■ **Problem requirements**:
Print, exactly and without pictures, the lines from the one where "Эта красивая сшитая" appears down to the end of the entries.

■ **Listed records**:
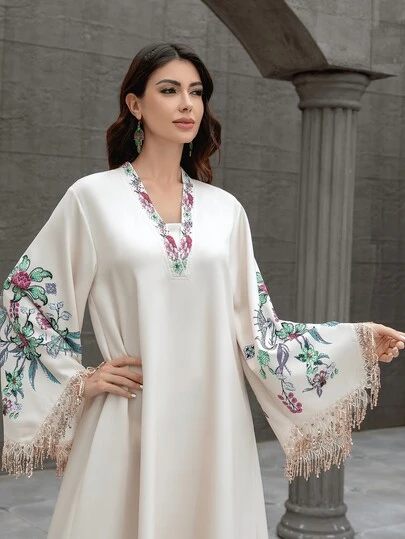 Arabic Style V-Neck Rhinestone Tassel Embellished Long Sleeve Elegant Jalabiya Robe - Apricot - View 1
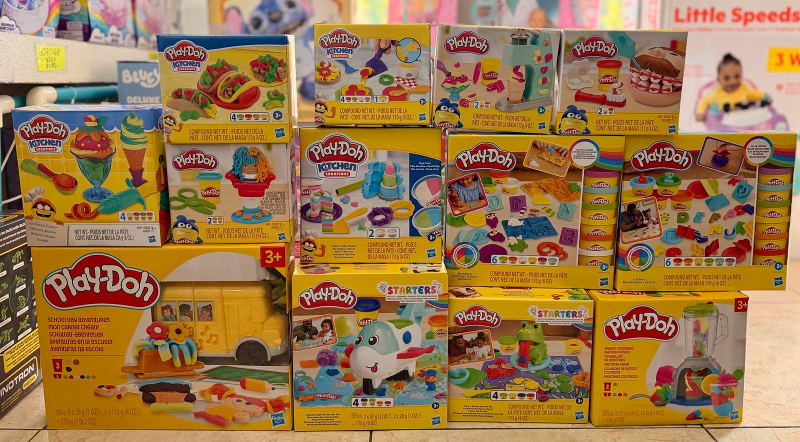 PAQUETE PLAY DOH 13 PIEZAS $1,669$1,669 MXN Incluye 17 piezas de play Doh 3 disponibles - PAQUETE PLAY DOH 13 PIEZAS $1,669 cantidad + Añadir al carrito Ir a tienda Categorías: General, Paquetes Description Productos relacionados Oferta TRANSFORMER MV7 ROLEPLAY CONVERTING MASCARA F4121 $330 Original price was: $330.$240Current price is: $240. MXN Añadir al carrito Dar un vistazo Oferta NERF ELITE 2.0 PROSPECT QS 4 $130 Original price was: $130.$100Current price is: $100. MXN Añadir al carrito Dar un vistazo PLAY DOH MINI T REX $120 MXN Leer más AgotadoDar un vistazo CAJA CON 24 MLP BLIND BAGS $360 MXN Añadir al carrito Dar un vistazo
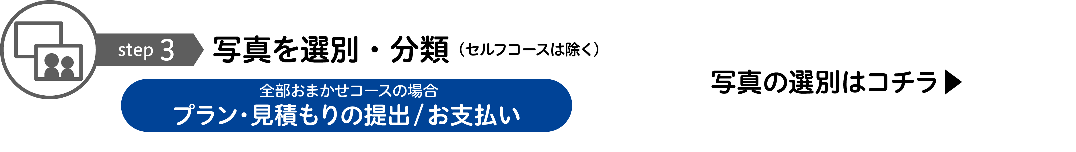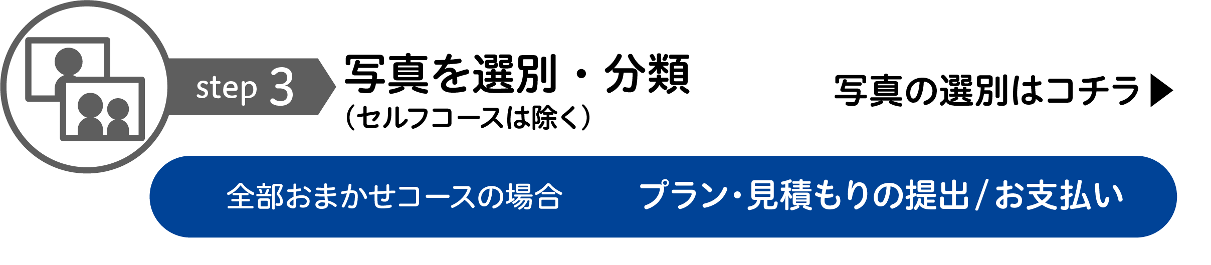 写真選別なしで、すべての写真をフォトブックに掲載することもできます。300枚以内の方は「セルフコース」から該当する商品をご注文ください。アルバムやバラ写真が大量にある場合は「全部おまかせコース」になりますので、お問い合わせください。
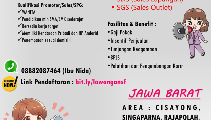 Apakah Anda seorang wanita yang energik, berorientasi pada target, dan memiliki minat besar di bidang penjualan dan promosi? Inilah kesempatan karir menarik untuk Anda! XLSMART smartfren membuka kesempatan bagi Anda untuk bergabung sebagai Promotor dengan posisi spesifik SDS (Sales Lapangan) dan SGS (Sales Outlet). Jika Anda siap ditempatkan sesuai domisili di berbagai area strategis di Jawa Barat, khususnya Tasikmalaya dan sekitarnya, segera kirimkan lamaran Anda!
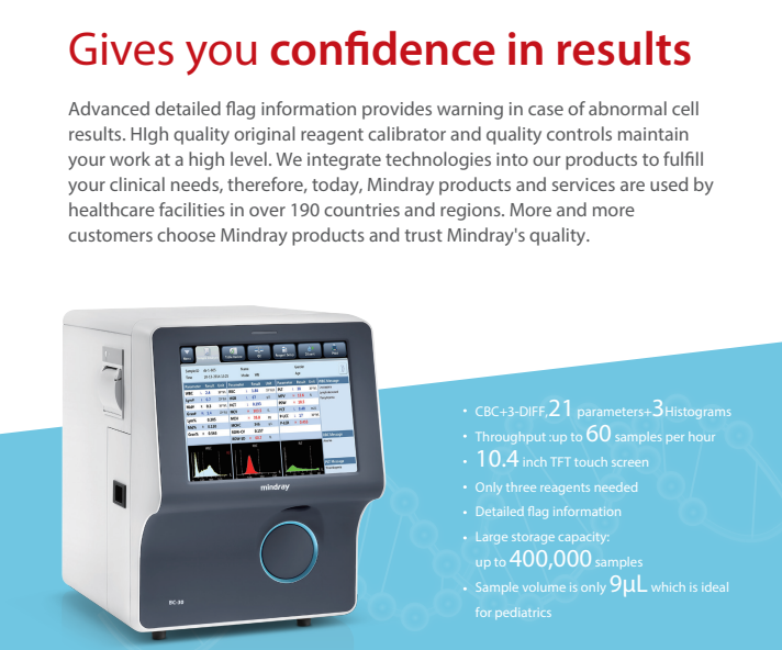 The BC-30s is a compact yet powerful 3-part differential hematology analyzer. With a large 10.4-inch touch screen and efficient workflow, it brings confidence and convenience to smaller laboratories and clinics, setting a new standard for compact diagnostics.
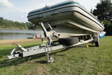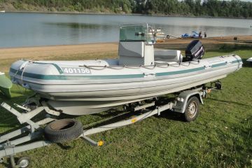 Velmi prostorný (8 osob) a rychlý člun s mnoha úložnými prostory.Člun má novou T.K. do roku 2025.K člunu je bržděný přepravní vlek,též s novou T.K.Možnost předvedení na vodě .
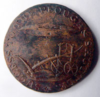 This face showing Bury's arms and this motto, "Success to the Plough and Fleece", also appears on other Bury tokens |
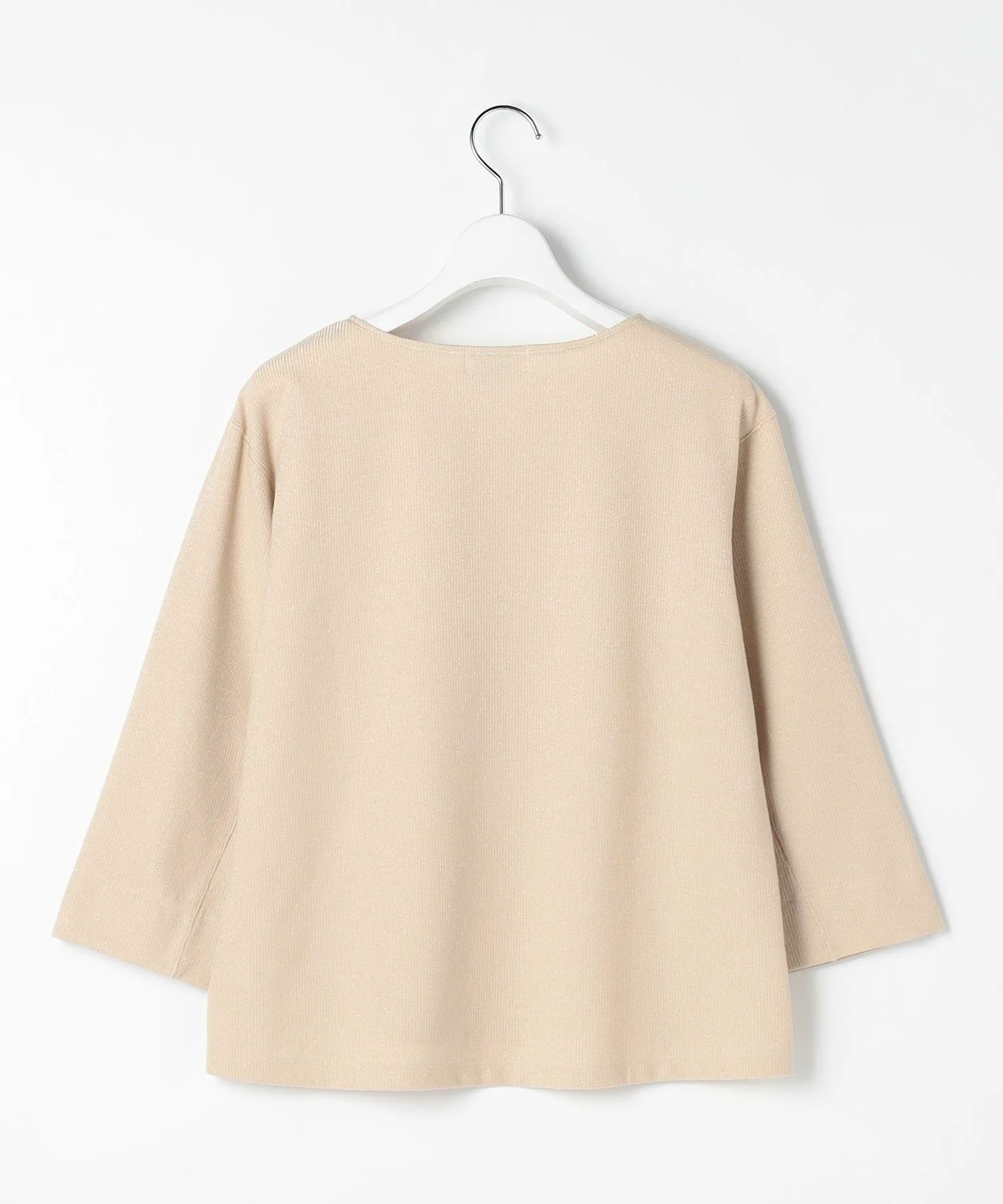Эта красивая сшитая вручную вещь отличается нежным блеском и тщательно продуманным силуэтом, что делает ее элегантной даже в качестве самостоятельного элемента одежды. Дизайн: Эта сшитая вручную вещь имеет слегка приспущенные плечи и передний боковой шов, создающий трехмерный силуэт. Длина передней и задней частей различается, а специальная строчка на проймах и задней части рукавов добавляет стиля. Благодаря оптимальному свободному крою, эта простая вещь идеально подходит как для самостоятельного ношения, так и в качестве нижнего слоя. Это универсальная вещь, расширяющая ваши возможности в гардеробе. Материал: Махровая ткань плотностью 24 нити на дюйм с элегантным блеском, содержащая ультратонкие блестки. Спинка связана таким образом, чтобы нити не соприкасались с кожей. В состав также входит эластичная пряжа для дополнительной гибкости и комфорта, при этом ткань сохраняет свою форму для большего удобства.
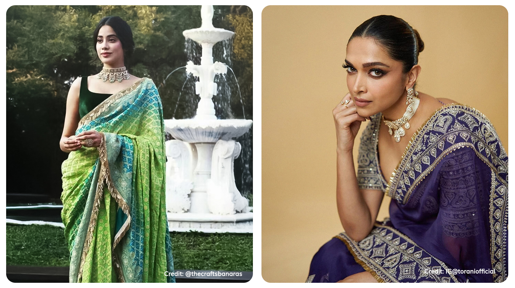 The Modern Blend: Contemporary Gota Patti work is more subtle and refined. Instead of dense, all-over patterns, you will find sarees with scattered Gota motifs or a delicate Gota Patti border. Designers are also using lighter, silver-toned Gota instead of the traditional gold for a more modern feel. This toned-down approach makes Gota Patti sarees versatile enough for cocktail parties and evening receptions.

■ **Response**:
Эта красивая сшитая вручную вещь отличается нежным блеском и тщательно продуманным силуэтом, что делает ее элегантной даже в качестве самостоятельного элемента одежды. Дизайн: Эта сшитая вручную вещь имеет слегка приспущенные плечи и передний боковой шов, создающий трехмерный силуэт. Длина передней и задней частей различается, а специальная строчка на проймах и задней части рукавов добавляет стиля. Благодаря оптимальному свободному крою, эта простая вещь идеально подходит как для самостоятельного ношения, так и в качестве нижнего слоя. Это универсальная вещь, расширяющая ваши возможности в гардеробе. Материал: Махровая ткань плотностью 24 нити на дюйм с элегантным блеском, содержащая ультратонкие блестки. Спинка связана таким образом, чтобы нити не соприкасались с кожей. В состав также входит эластичная пряжа для дополнительной гибкости и комфорта, при этом ткань сохраняет свою форму для большего удобства.
 The Modern Blend: Contemporary Gota Patti work is more subtle and refined. Instead of dense, all-over patterns, you will find sarees with scattered Gota motifs or a delicate Gota Patti border. Designers are also using lighter, silver-toned Gota instead of the traditional gold for a more modern feel. This toned-down approach makes Gota Patti sarees versatile enough for cocktail parties and evening receptions.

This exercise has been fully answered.